Celebrating 40 Years of the Clean Water Act

I just got back from the annual Urban Watershed Sustainability Leadership Conference in Cincinnati, hosted by the U.S. Water Alliance.  The major theme was green infrastructure – things like roadside plantings, green roofs, and porous pavement that mimic the way nature handles rainwater – and it was inspiring to hear on-the-ground stories from so many cities making major investments in this smarter solution to chronic sewage overflows.  All of the speakers were genuinely excited about challenging themselves, as well as their colleagues in both the public and private sector, to fundamentally re-think the way they manage water in the urban environment. 
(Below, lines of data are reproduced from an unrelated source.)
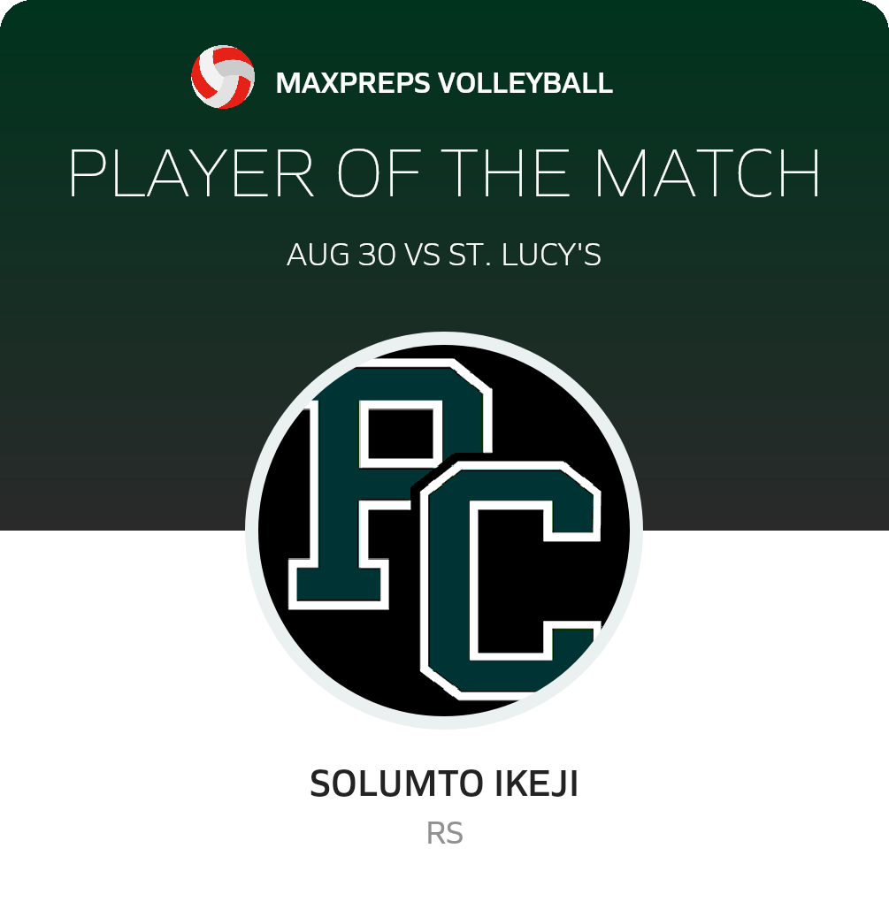 Congratulations to #30 SOLUMTO IKEJI for being selected the Pomona Catholic Volleyball Player of the Match.
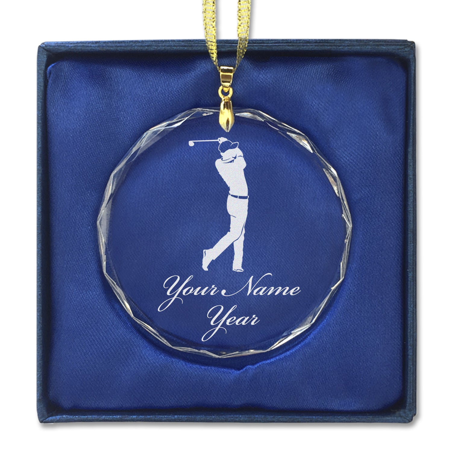 LaserGram Christmas Ornament, Golfer Golfing, Personalized Engraving Included (Round Shape)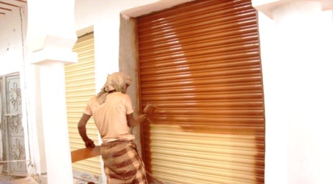 نسبة الانجاز في المشروع 94% اثنى تجوالي في وسط السوق ومتابعة سير العمل كان متواجدا المهندس / عبدالهادي عوض مدهش مشرف مقيّم للمشروع من قبل الصندوق الاجتماعي للتنمية الذي اوضح بأن نسبة انجاز العمل بلغت 94% وبرغم ذلك نواجه عرقلة من بعض أصحاب الدكاكين في عملية الترميمات لمحلاتهم ومحم في المراحل الأخيرة منه افتا بقوله : كما تلاحظ ان العمل يسير على قدم وساق كل في مجاله سوى تشطيب المباني او تلوين ابواب المحلات وفقا وما يتناسب باللون الخشبي للأبواب التراثية ويتبقى فقط الرصيف وامتدادات الكهرباء , عاقل السوق والمطالبة بتنفيذ الوعود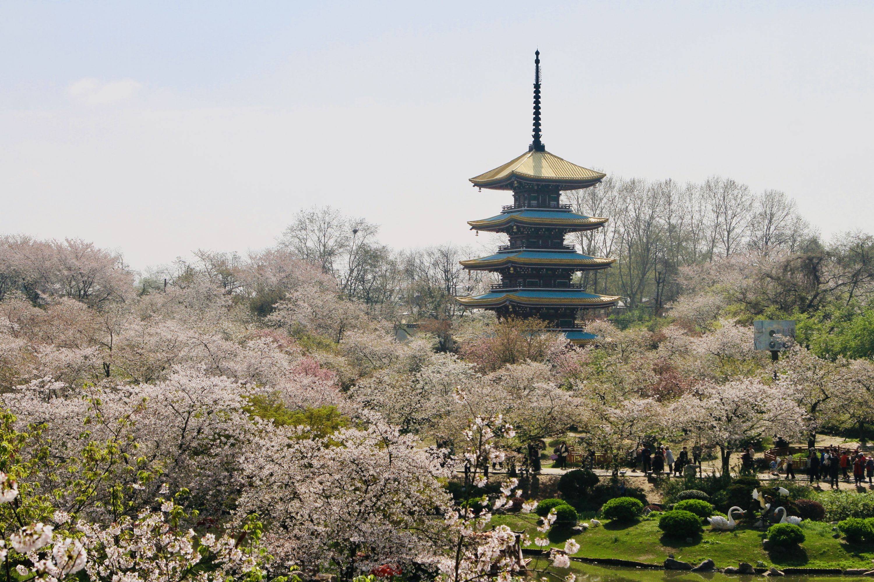 东湖樱花园,中樱大面积绽放。赵丽 摄

From Cleveland’s focus on re-purposing vacant lands, to Syracuse’s Save the Rain campaign, to Kansas City’s completion this year of about 150 green infrastructure projects in a single neighborhood, the conference highlighted communities that are “thinking outside the pipes”* to manage urban runoff in ways that help create healthier, more livable communities.

While the conference was chock full of engineers and municipal officials, rather than attorneys like me – presenters felt perfectly free to throw in a lawyer joke every now and then – it was clear to everyone there that the Clean Water Act is the most important driver behind these green infrastructure initiatives.  As in previous years of the conference, the featured cities’ efforts are directed specifically towards meeting Clean Water Act compliance schedules they have negotiated with state or federal regulatory agencies.  The provisions of that landmark federal law, which turns 40 years old today, have focused the energies and talents of conference attendees, as nothing else can, on keeping raw sewage from our urban waterways.

So even as we work to defend the Clean Water Act from those who would gut its core provisions, fight to restore protections eroded by misguided Supreme Court decisions, and push EPA to update regulations to reflect today’s best science, let’s also make sure today to celebrate the past successes of the Clean Water Act and look ahead to future successes that are taking shape now in cities across the nation.

*Credit goes to Nancy Stoner, EPA’s Acting Assistant Administrator for Water, for that catchy phrase she used in her remarks at the conference.  (Catchy to all of us stormwater geeks, at any rate!)